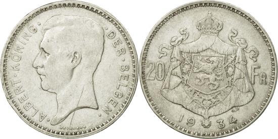 | | Coin, Belgium, 20 Francs, 20 Frank, 1934, , Silver, KM:104.1 | | | Head of Albert, left, legend in Dutch, Crowned arms divide denomination and date, DER BELGEN | | FEATURES |
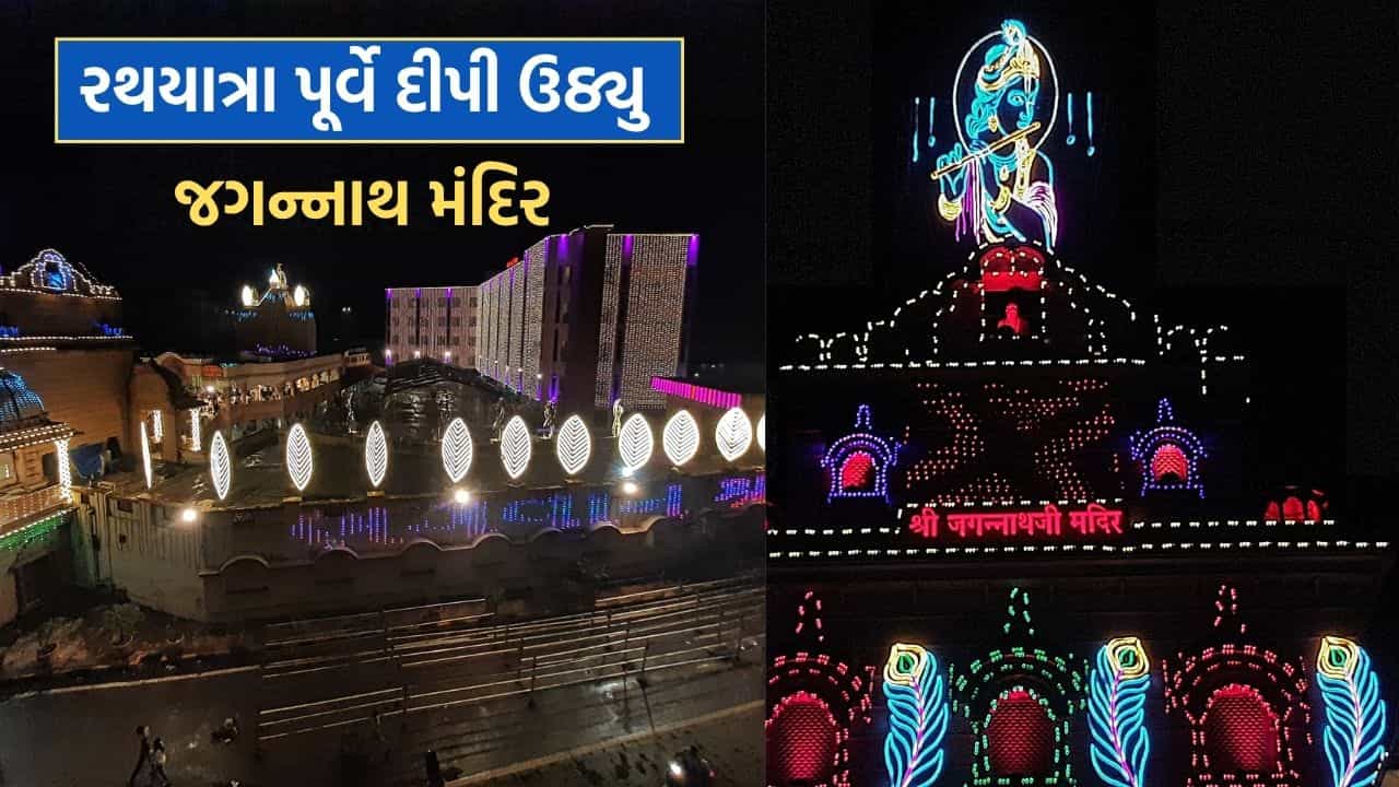 જગન્નાથજીની રથયાત્રા પહેલાની તૈયારીઓના ભાગરૂપે મંદિરને શણગારવામાં આવી રહ્યુ છે. વિવિધ રંગી રોશનીનો શણગાર કરાતા હાલ મંદિર દીપી ઉઠ્યુ છે.
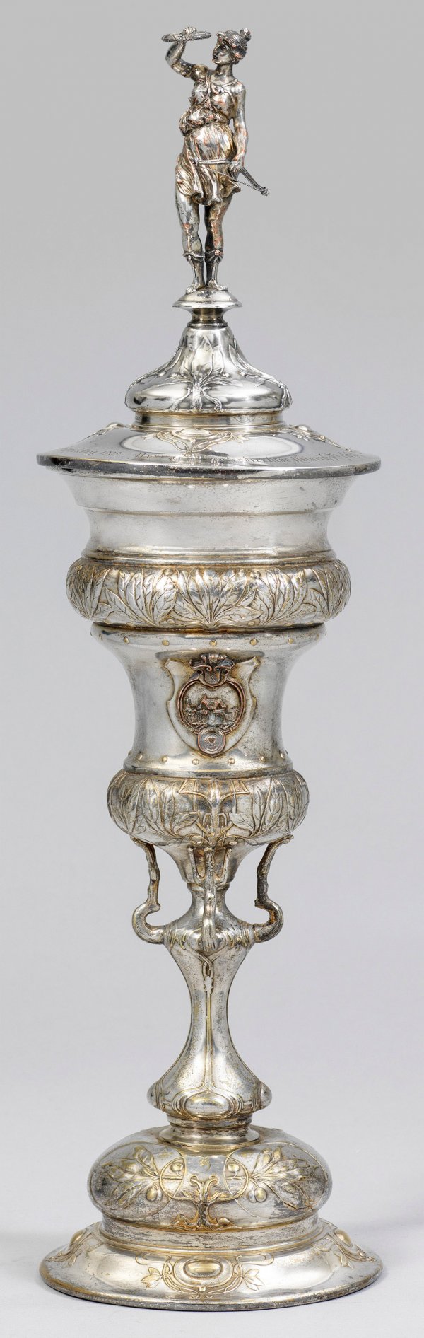 Würzburger Schützenpokal Messing, versilbert. Aus der Grundform eines Blütenkelchs entwickelter, mit üppiger floraler Jugendstil-Ornamentik reliefierter Pokal. Auf der Kuppa reliefplastisch aufgelegtes Würzburger Stadtwappen, gegenüber ein Medaillon mit Stadtansicht mit Schützenscheibe. Auf dem Deckel in Zierschrift graviert: "Dem Schützenkönig 1902 Herrn Theaterdirektor Heinrich Adolphi die Würzburger Schützengilde". Als Deckelbekrönung eine vollplastische Viktoria mit Siegerkranz. Der Pokal wurde von der "Kgl. priv. Hauptschützengesellschaft Würzburg von 1392" vermutlich explizit bei einem Metallkunst-Betrieb in kleiner Serie in Auftrag gegeben und für die Verleihung an den Schützenkönig über einige Jahre verwendet. H. 55,5 cm.

▸ **What is expected**: Could you write out the whole listing exactly, dropping the pictures?

▸ **Solution to the problem**:
 | | Coin, Belgium, 20 Francs, 20 Frank, 1934, , Silver, KM:104.1 | | | Head of Albert, left, legend in Dutch, Crowned arms divide denomination and date, DER BELGEN | | FEATURES |
 જગન્નાથજીની રથયાત્રા પહેલાની તૈયારીઓના ભાગરૂપે મંદિરને શણગારવામાં આવી રહ્યુ છે. વિવિધ રંગી રોશનીનો શણગાર કરાતા હાલ મંદિર દીપી ઉઠ્યુ છે.
 Würzburger Schützenpokal Messing, versilbert. Aus der Grundform eines Blütenkelchs entwickelter, mit üppiger floraler Jugendstil-Ornamentik reliefierter Pokal. Auf der Kuppa reliefplastisch aufgelegtes Würzburger Stadtwappen, gegenüber ein Medaillon mit Stadtansicht mit Schützenscheibe. Auf dem Deckel in Zierschrift graviert: "Dem Schützenkönig 1902 Herrn Theaterdirektor Heinrich Adolphi die Würzburger Schützengilde". Als Deckelbekrönung eine vollplastische Viktoria mit Siegerkranz. Der Pokal wurde von der "Kgl. priv. Hauptschützengesellschaft Würzburg von 1392" vermutlich explizit bei einem Metallkunst-Betrieb in kleiner Serie in Auftrag gegeben und für die Verleihung an den Schützenkönig über einige Jahre verwendet. H. 55,5 cm.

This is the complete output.